Two weeks before leaving for China, we called a family meeting and, with tears in my eyes, I begged him not to reject the baby we’d be bringing home. I reminded him that I had greatly loved and mourned my late daughter, but that I was ready to love again and that this child, from my body or not, was coming. Would he try to accept her? Shamed at last, he told me to just let him have some time. He wasn’t a monster, for heaven’s sake! He was not going to hurt the baby. It was just that expecting him to be her grandfather was going too far.
The day we adopted Mimi, we were reborn as parents and couldn’t wait to share her with the family. She was exquisite and affectionate, and simply overwhelmed us. Our children listened to every detail about their new sister.
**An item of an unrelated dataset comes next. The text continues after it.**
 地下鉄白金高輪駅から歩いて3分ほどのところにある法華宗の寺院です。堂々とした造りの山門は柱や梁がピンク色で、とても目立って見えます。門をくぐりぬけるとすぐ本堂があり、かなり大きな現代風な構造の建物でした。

My father refused to pick up the phone. My mother persisted in repeating our conversations to him, and, grudgingly, he began to be intrigued.
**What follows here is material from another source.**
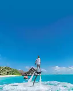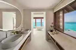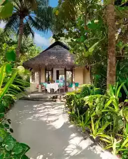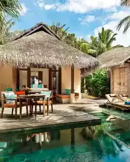 Forty overwater villas are suspended above the clear lagoon and are adjacent to another natural island.

After an unbelievably tiring, three-layover trip, we landed in California. My husband and I were drippy, sweaty messes. Mimi, operating on five hours of sleep, dressed in her finest, was happy as a clam and ready to wow the waiting crowd. We stumbled off the plane and onto the jetway.
My father had snuck past the airport security line, and was the first one to see us. Barely acknowledging my husband’s "Hi," he stared at the baby as I approached. "Here she is," I said. Mimi studied him for a second, flashed a 20,000-kilowatt smile, reached out, and squeezed his nose. She’s been leading him by it ever since.
It helps that Mimi is unrelenting in her desire to charm. My father didn’t have a chance. Within weeks, she was throwing herself into his arms whenever he was near. Grandpa (Oh, yes, he most definitely answers to the title—especially since "Ampa" was her fourth word, when she was 10 months old) now takes her for walks around the neighborhood, proudly introducing her as his granddaughter. Her heritage is no longer shameful in his eyes, but just another feature that marks her as unique—for his grandchildren are never ordinary.
None of us realized how much we missed the presence of a small child in our home. Together we shared a great loss, and together we celebrate this great joy as a family.
—Evelyne McNamara lives with her family in San Jose, California. Since writing this piece, she has adopted four more children.